Duterte's comments also come days after President Donald Trump had a "very friendly conversation" with the Philippines president. That phone call resulted in an invitation for Duterte, who is accused of ordering the deaths of thousands of Filipinos in the nation's violent war on drugs, to visit the White House.

The invitation alarmed international human rights groups. During his campaign for president, Duterte promised a "bloody war" against criminals and said he'd kill 100,000 of them in his first six months in office. He also vowed to reintroduce capital punishment for a range of crimes, including drugs, rape and murder.

Human Rights Watch has urged Trump to hold Duterte accountable on his visit, saying the U.S. has an "obligation" because of the "brutally violent deaths of thousands of Filipinos" in the country's ongoing drug war.

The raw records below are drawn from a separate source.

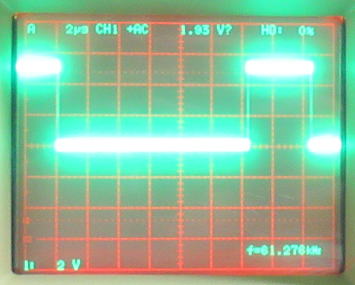 ![]() 出力周期:61kHz まともにクロックを受けきれていないようです。 |
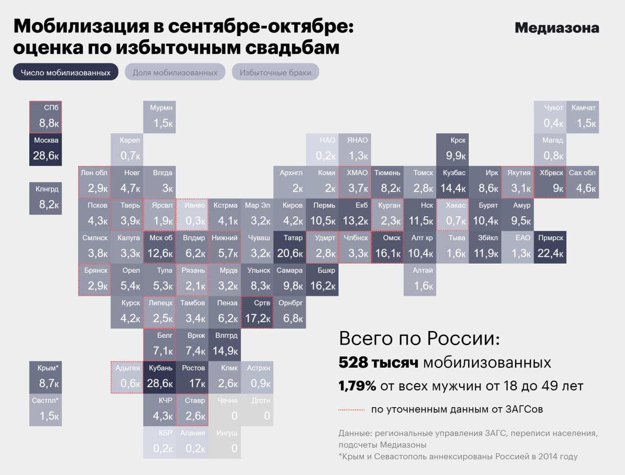 Далі вони дійшли висновку, що частка таких чоловіків у всіх регіонах Росії становить 1,79%. І екстраполювали ці дані на загальну кількість чоловіків призовного віку, отримавши підсумкову цифру – 520 тисяч мобілізованих.
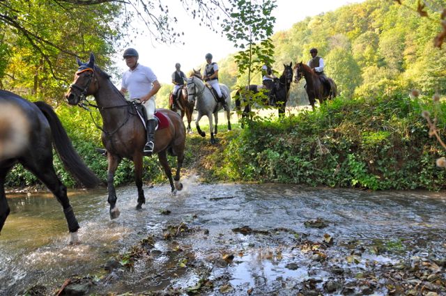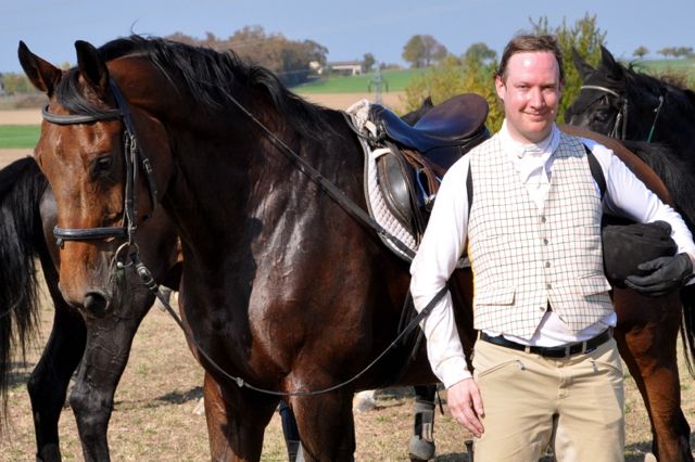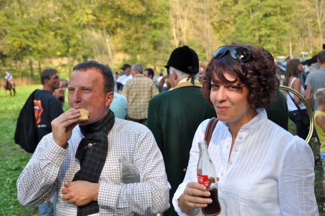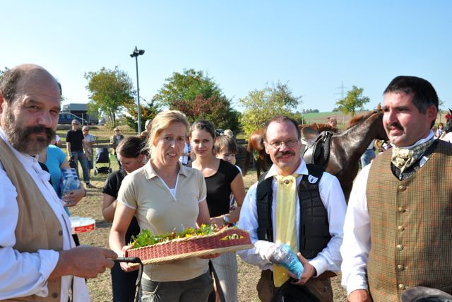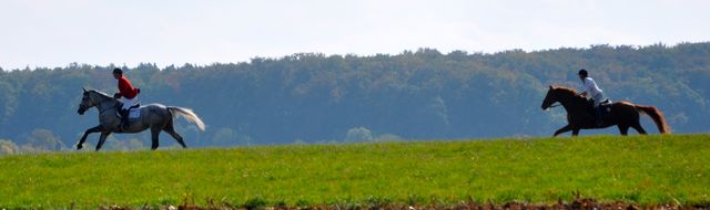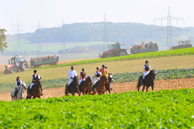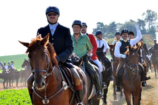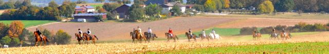 auch so gehen. Nach der Aufstellung auf dem Sandplatz am Nussdorfer Reiterzentrum spielen die Jagdhornbläser aus Heimsheim zum Aufbruch. Das Feld verlässt im Schritt die Anlage. Es sind knapp 60 Reiter dabei. „Jedes Mal werden es mehr“, sagt der Schleppenleger Daniel Rapp. „Das muss für unsere Strecke sprechen.“ Daniel Rapp ist mittlerweile in die Fußstapfen seines Vaters Immanuel Rapp getreten, der früher Trabrennen gefahren ist und unzählige Jagden organisiert hat. Die erste Schleppe folgt schnell. Im forschen Galopp geht es in Richtung Sonnenberg über hügelige Wiesen und abgemähte Maisfelder. Lehmklumpen fliegen durch die Luft. Die knochentrockenen Felder stauben mächtig. Keine guten Aussichten für Kontaktlinsenträger. Die Schleppe endet mit einem Bergab-Galopp. Am Horizont erscheint die Stadt Vaihingen. Rehe kommen aus dem Unterholz und huschen über den Acker. Aber die Hunde bleiben im Apell. Bereits jetzt pumpen Hunde, Pferde und Reiter. Die fleißigen Helfer reichen Wasser und Schnäpse. Das Jagdfeld besteht aus drei Abteilungen. Schöne Idee: Ein berittenes Beobachterfeld bringt auch Einsteigern die Faszination Jagdreiten näher. Die Zuschauer verfolgen auf Anhängern, die von Traktoren gezogen werden, das Geschehen. Und schon wünscht der Master erneut eine gute Jagd. Es geht wieder über Äcker und Wiesen. Mein Wallach Fritz, den mir die Rapps zur Verfügung gestellt haben, bollert gleichmäßig vor sich hin. Ich denke an einen Experten aus Irland, der mir mal gesagt hat: Ein Jagdpferd muss einen Kopf wie eine Lady haben und einen Hintern wie ein Koch. Fritz hat beides. Das Feld erreicht das idyllische Kreuzbachtal. Hier ist es schattiger und kühler. Es gibt Reiter, die von weit anreisen, nur um in dieser Umgebung mit ihren Pferden ins Gelände zu gehen. Die nächste Schleppe geht über endlos lange Wiesen. Am Rand fließt ein Bach. Jetzt kommen auch die ersten Hindernisse: Baumstämme in den unterschiedlichsten Varianten. Die Schleppe endet mit einem Sprung kurz vor einer Wasserstelle. Im Laufe des Tages wird es zwei Wasserdurchritte geben. Zur Pause reichen die Helfer Getränke und Fleischkäse im Brötchen. Die Heimsheimer Jagdhornbläser blasen in ihre Instrumente. Wer sein Jagdjacket noch nicht abgelegt hat, tut es jetzt. Nach einer knappen halben Stunde geht es zurück nach Nussdorf. Die Strecke führt durch den Hegwald. Dann kommen wieder die staubigen Äcker. Doch der zweite große Höhepunkt nach dem herrlichen Kreuzbachtal kommt noch: Es ist eine der wenigen noch existierenden Grasrennbahnen in Baden-Württemberg. Wenn in Nussdorf nicht gerade gejagt wird, nutzt die Familie Rapp sie auch für Bauernrennen – mit Quoten und Wetten. Die Rennbahn ist Abschluss der letzten Schleppe mit zwei weiteren Hindernissen. Die Hunde haben zwar Probleme, den richtigen Eingang zur Rennstrecke zu finden, doch irgendwann klappt es. Die Zuschauer applaudieren den Jagdreitern, die vor lauter Freude 3mal die Runde drehen. In der Mitte prasselt ein Lagerfeuer. Nach der 3. Runde ist Schluss. Halali, Halali. Die Jagdherrschaft überreicht den glücklichen und erschöpften Reitern als Andenken den Bruch. Für die Hunde gibt es 35 Kilo Rinderpansen aus der Landmetzgerei des Jagdherrn Raimund Wöhr. Die Jagd ist ein voller Erfolg: tolle Hunde, prächtiges Wetter, keine Verletzungen und Stürze und ein abwechslungsreiches Gelände, das es so kein zweites Mal gibt. Berichterstatter: Philipp Schneider, Stuttgart ![]() |
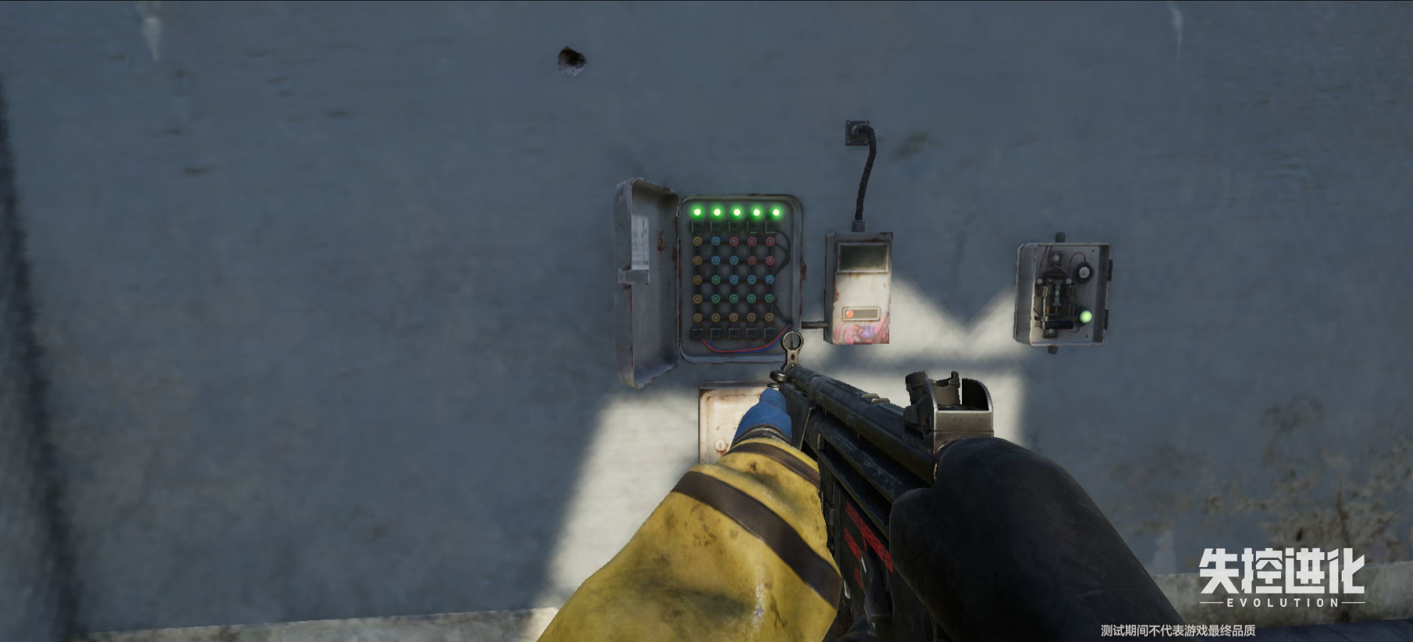 这个是蓝卡房的电路箱从绿卡房的楼梯上来就可以看到了,并且电路箱傍边就有一个蓝卡门,蓝卡门和绿卡房一样也是两扇门,但是物资分布都是一样的
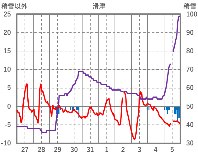 | 日 | 時 | 気温 | 降水 | 風向/風速 | 日照 | 積雪 | 降雪 |
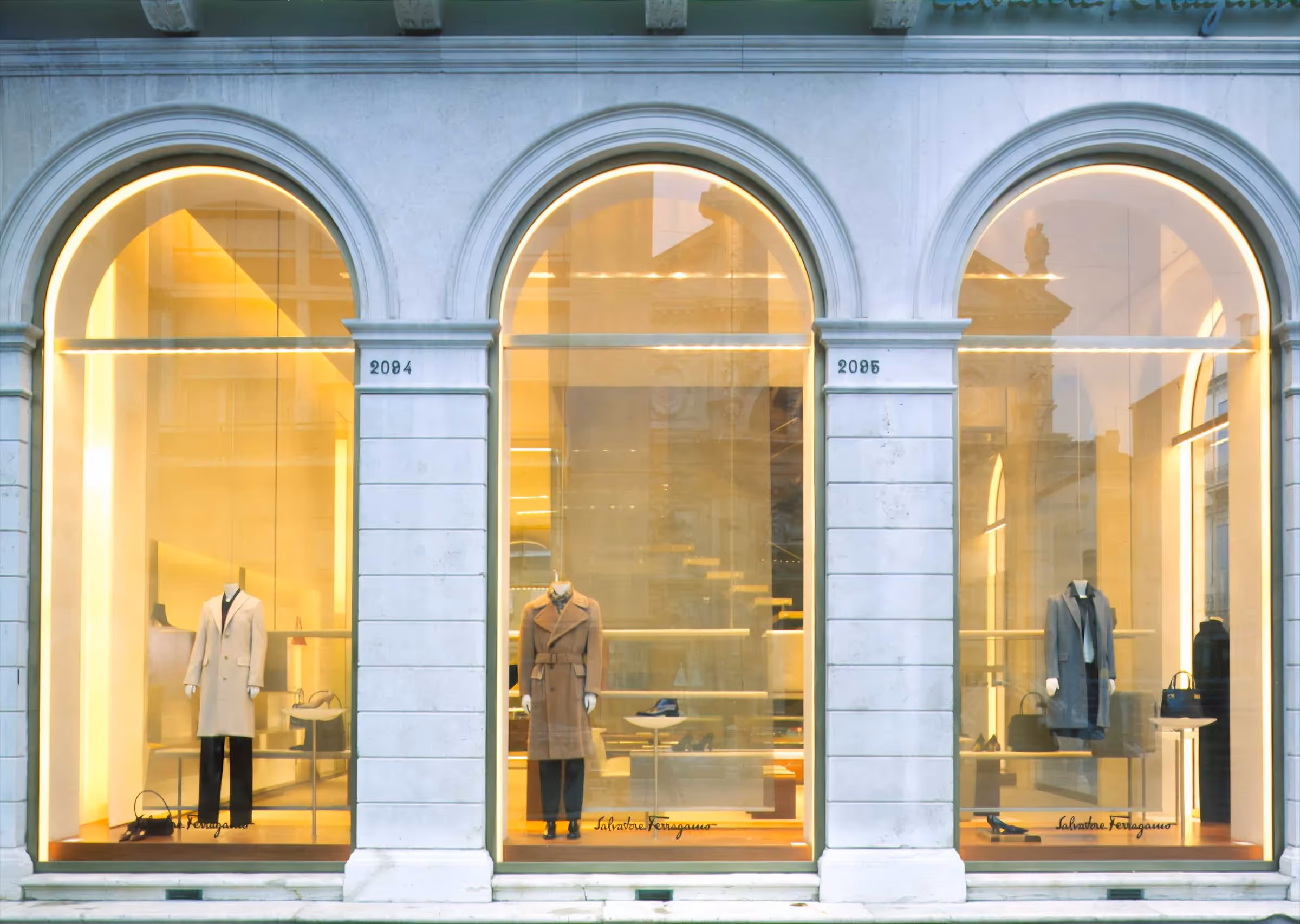 The Venice Flagship, located on two levels in a palazzo on the corner of Calle Large XXII and Campiello Barozzi, introduced the new Salvatore Ferragamo worldwide design concept. Surrounded by the magical and iconic city of Venice, the large arched window openings frame views into the boutique’s interior, whose understated furnishings blend with the rich historic context. Conceived as a grand salon, the environment evokes both an openness and intimacy that reinforces the Ferragamo brand characteristics of traditional quality and craftsmanship paired with an energetic and modern spirit.
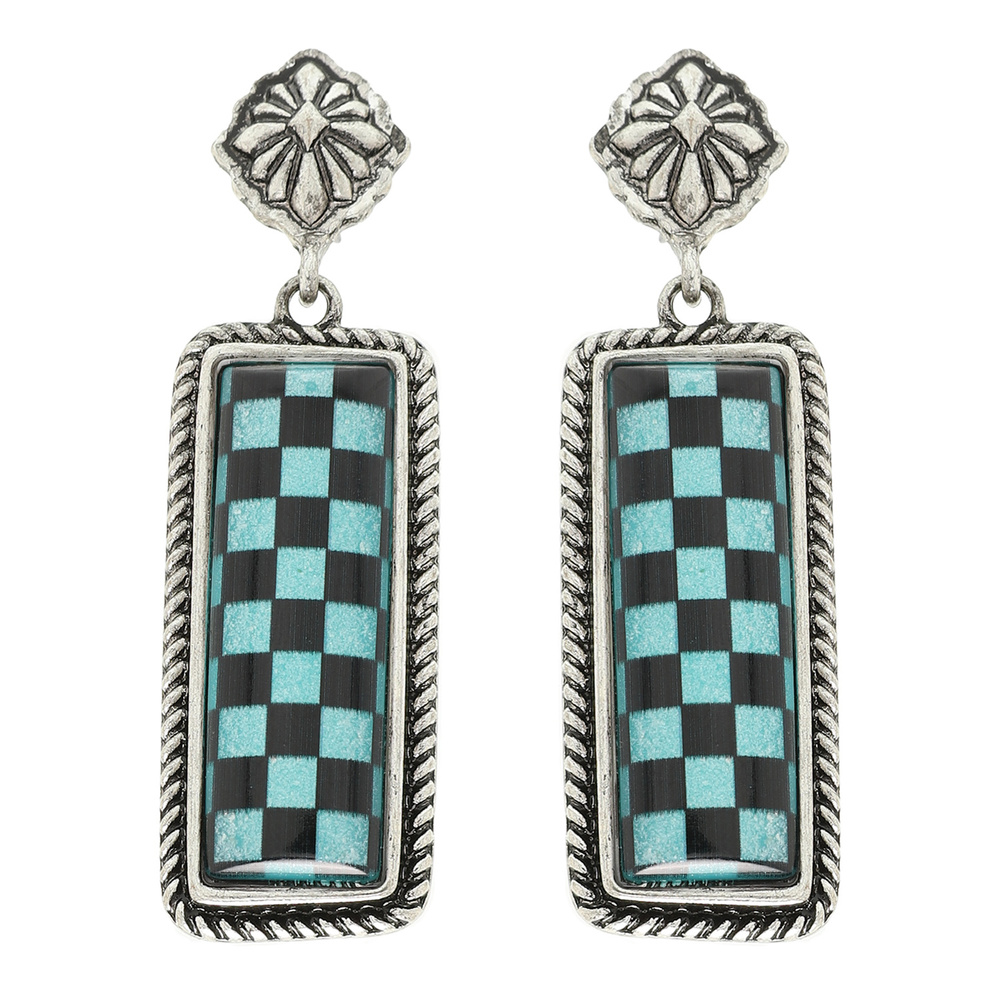 Western Epoxy Checkerboard Bar Post Earrings
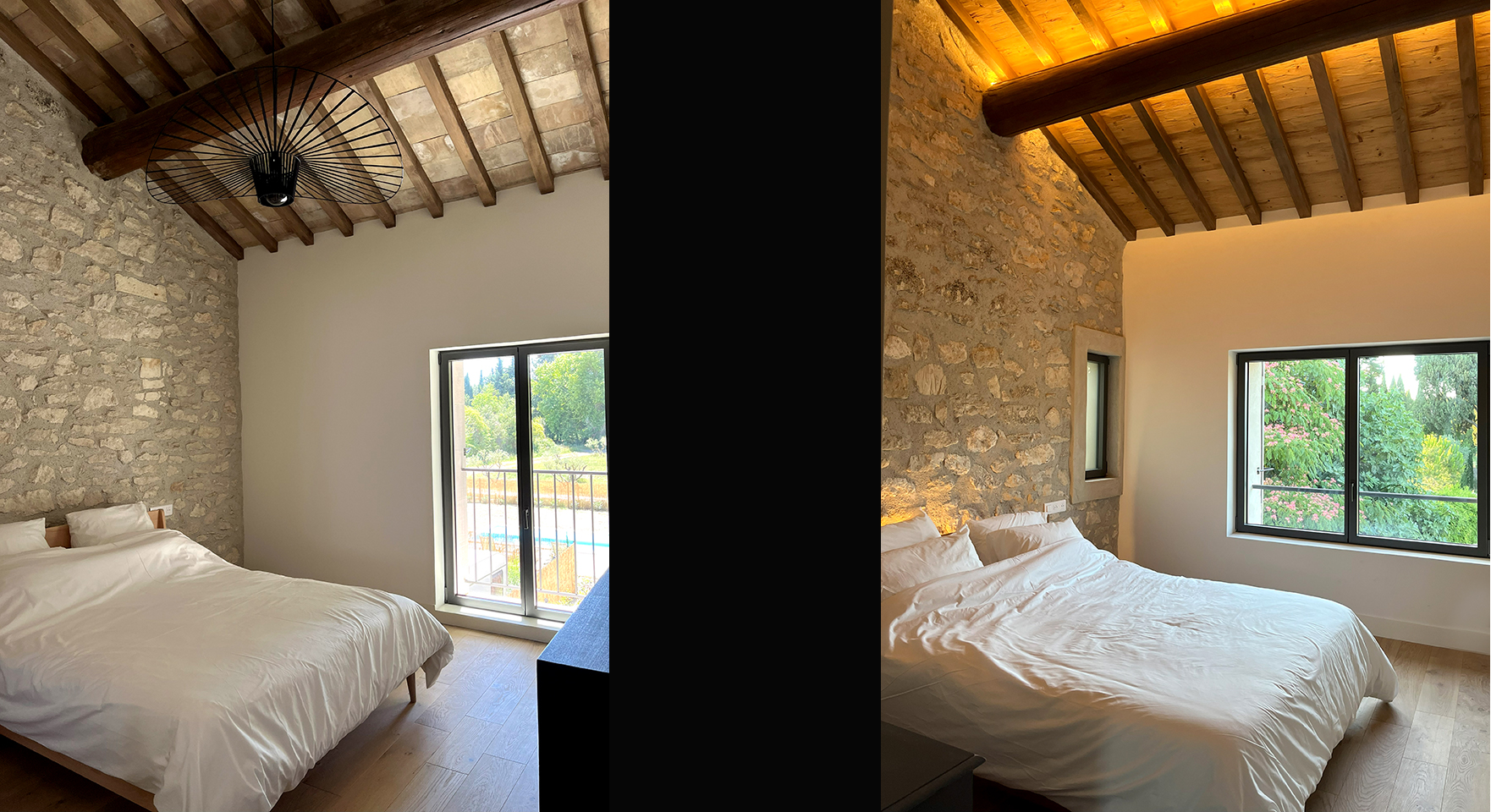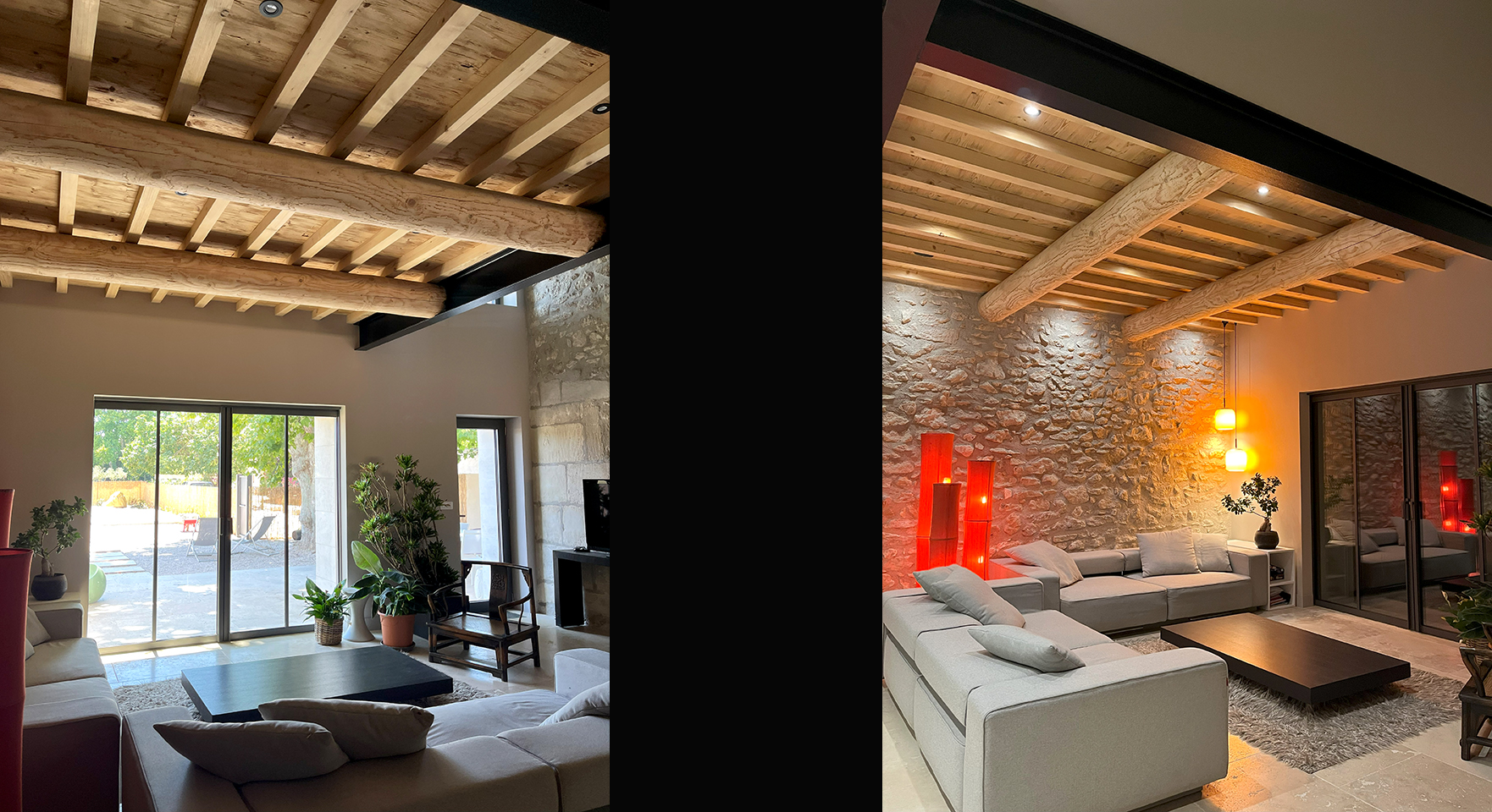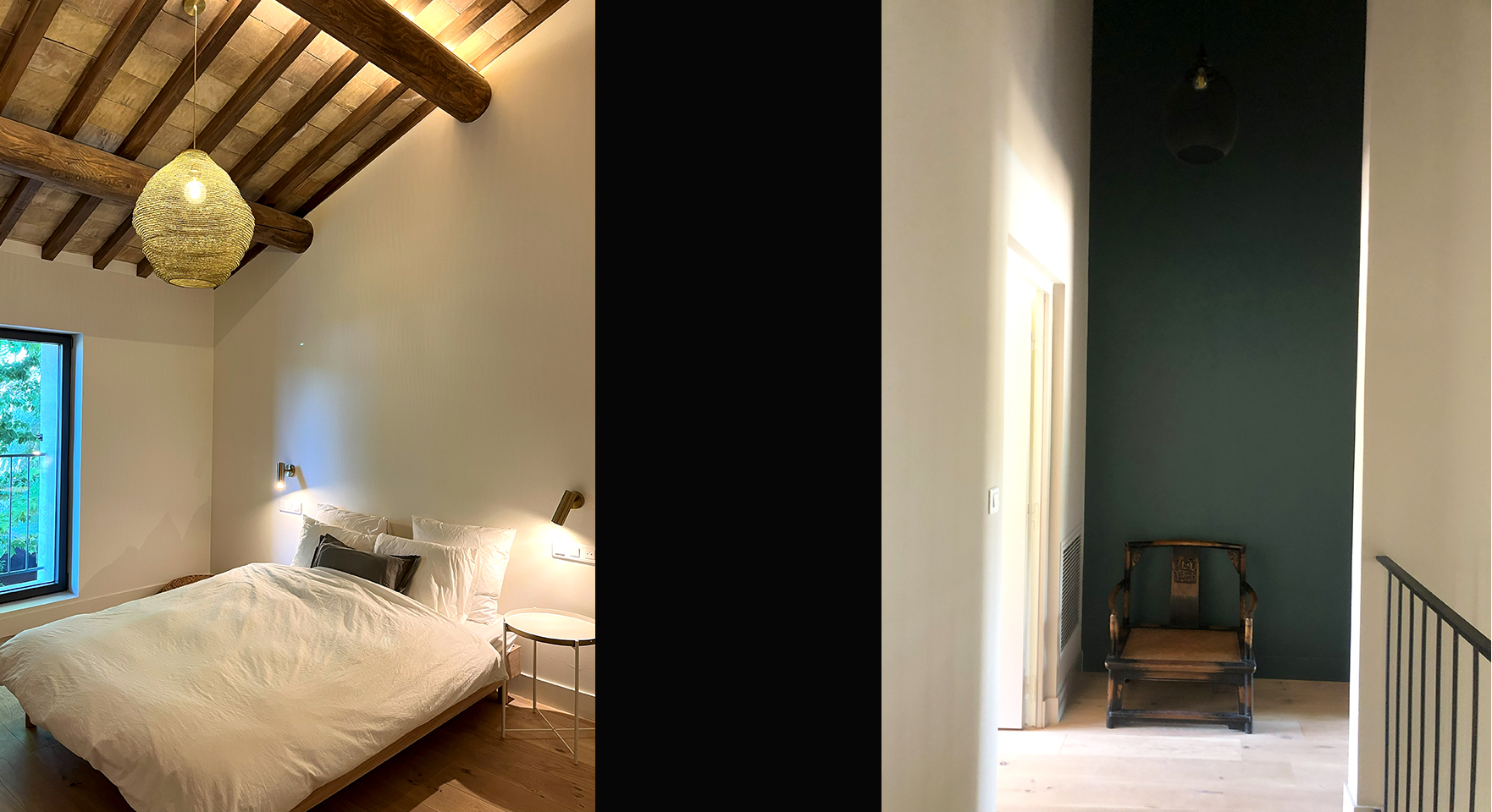 La pierre sera apparente sur les autres murs intérieurs par souci esthétique. Les planchers et charpentes en bois seront apparents et mis en valeurs grâce à l’éclairage. Une partie du rez de chaussée sera à double hauteur et une balconnade qui donne sur le salon sera créée au R+1

Unlike President Barack Obama, Trump has not criticized the deaths.

"For Trump to celebrate somebody who boasts of killing his own citizens, and then invite him to the White House while remaining silent on his disgusting human rights record, sends a terrible message," said John Sifton, Asia advocacy director of Human Rights Watch, told The Washington Post. "It says to the world that illegal violence is legitimate and that rule of law and human rights can be ignored."

Speaking with The Daily Beast on Monday, an unnamed State Department official said the invitation from Trump was "a big fucking surprise to us." According to The New York Times, State Department and National Security Council officials plan to internally raise their concerns over the visit.

Last year, Duterte signaled a split with the U.S., traditionally an ally of the Philippines, and announced a military and economic "separation." During a trip to China, Duterte told Chinese business leaders: "America has lost now. I've realigned myself in your ideological flow."